A day after the stampede at the Godavari Maha Pushkaram, order returned to the bathing ghats in this city on Wednesday and the mood changed from funereal to festive. Police and revenue officers worked to bring systems under control and kept a watch on the proceedings.
Safety bandobust was stepped up at the ghats, particularly the Pushkar Ghat at the gates of which 28 people died in Tuesday’s stampede. Pilgrims moved along in streamlined queues to the bathing areas. The striking difference in the arrangements seen on Wednesday was the erection of barricaded queue lines right up to the ghat entry points, which had been missing on Tuesday. The queues discharged pilgrims directly onto the ghats and minders ensured that there was no build-up of people at any point.
The absence of this simple regulatory measure was clearly the cause of the stampede on Tuesday morning: Pilgrims milled restlessly on the town side of the gates while the vast forecourt of the bathing ghat was empty. And when the gates were thrown open suddenly, a river of people gushed out with horrific consequences.
The scene at this gate on Wednesday was a complete contrast to what it was 24 hours earlier: where people desperately tried to scale up the gates or hauled aloft their children to protect them from the heaving crush on Tuesday, pilgrims marched along in peace until they reached the ghats on Wednesday.
To everybody’s surprise, queues have come up near the NTR statue at the ghat too, which had been kept open for free movement of VVIPs’ vehicles.
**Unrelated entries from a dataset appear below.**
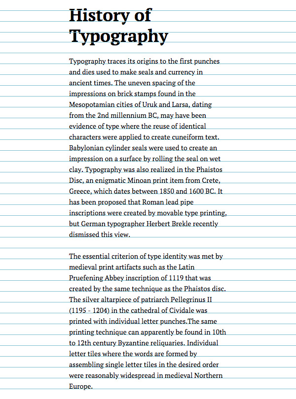 在我的設(shè)計中,文章段落的字號和行高分別是18px/1.77 (也就是32px)。我參照黃金比例來調(diào)整標(biāo)題的字號,也就是說H1現(xiàn)在是3ems(54px)。下面是我定義的不同字號節(jié)點,所有這些都會被應(yīng)用在同樣32px行高的基線柵格里:
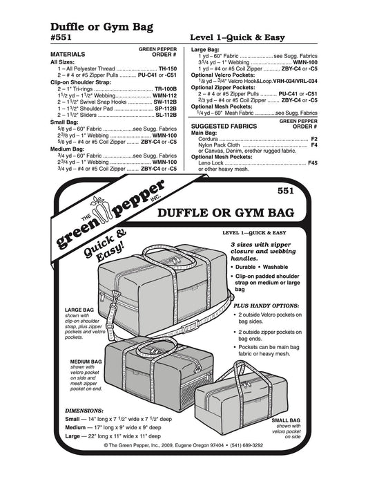 Duffle or Gym Bag Pattern - 551 - The Green Pepper Patterns
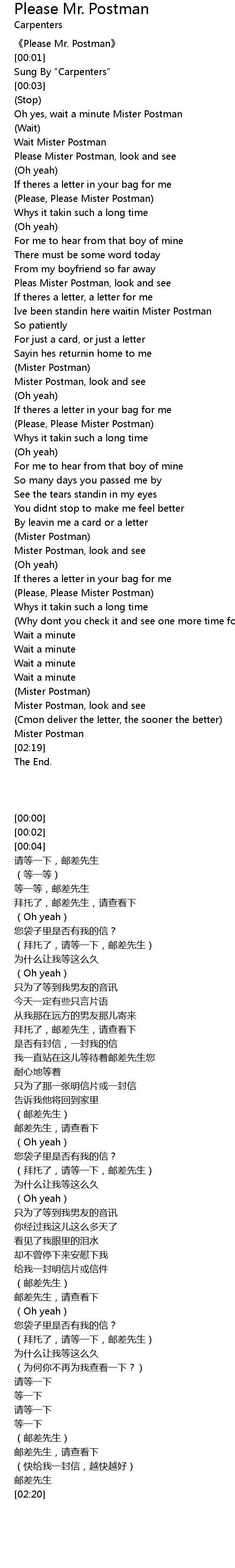 | [00:05] | Oh yes, wait a minute Mister Postman |
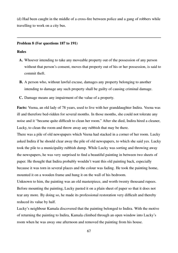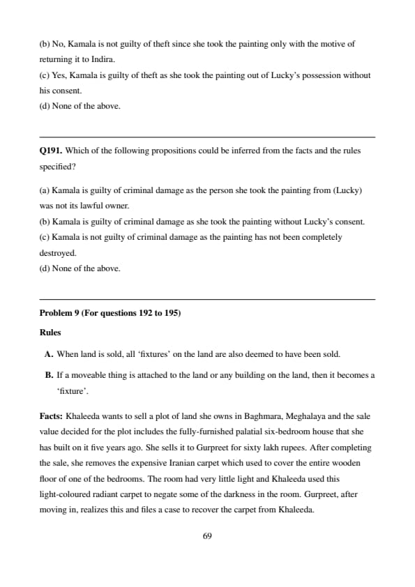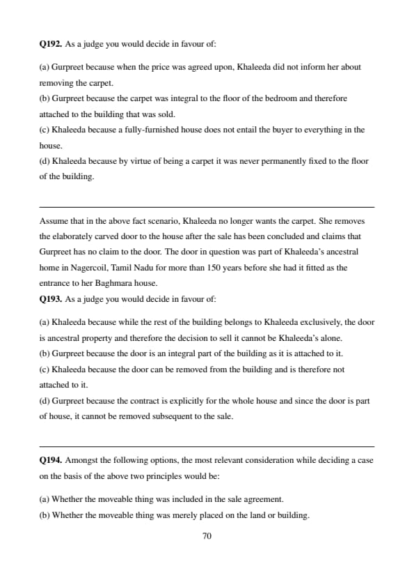 % Final Answer \[ \boxed{(d)} \] Quick Tip: Fixtures are determined not just by physical attachment but also by the intention to make something a permanent part of the property. Sentimental or ancestral value does not override the rules if the item is structurally integrated.
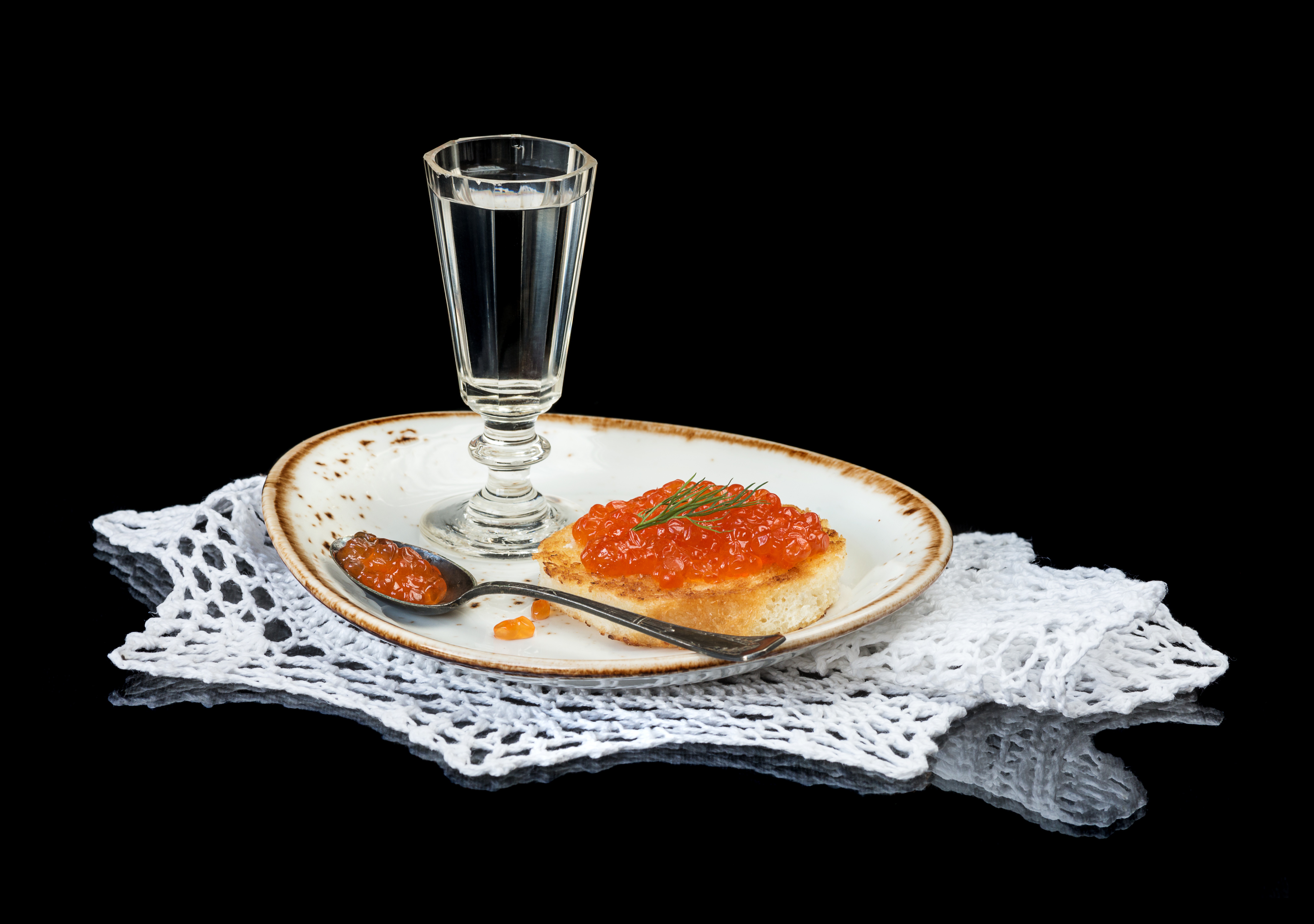 Description: A plate with a fork and a glass of wine on it with a lace doily on the table.
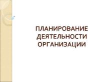 ПЛАНИРОВАНИЕ ДЕЯТЕЛЬНОСТИ ОРГАНИЗАЦИИ Планирование — процесс определения
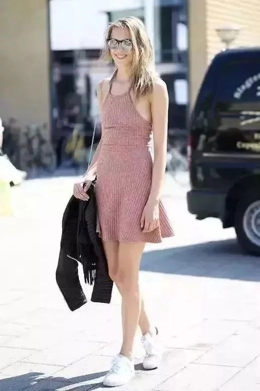 但是呢,高瘦的小仙女直接吊带裙+运动鞋可以更性感喔~

It was here that Chief Minister N. Chandrababu Naidu’s convoy was parked on Tuesday eventually getting marooned among a sea of pilgrims. This glitch too was rectified on Wednesday, with lines taking pilgrims past this stretch too.
Secondly, volunteers from organisations such as Satya Sai Seva Samithi, have been enlisted in huge numbers to man the queues at the Pushkar Ghat.
At the Kotilingala ghat, the largest bathing ghat in the country, RSS cadres took over crowd management. Students from various colleges in the city, National Service Scheme (NSS) volunteers and members of various NGOs were positioned at the bathing ghats to help and regulate the crowd.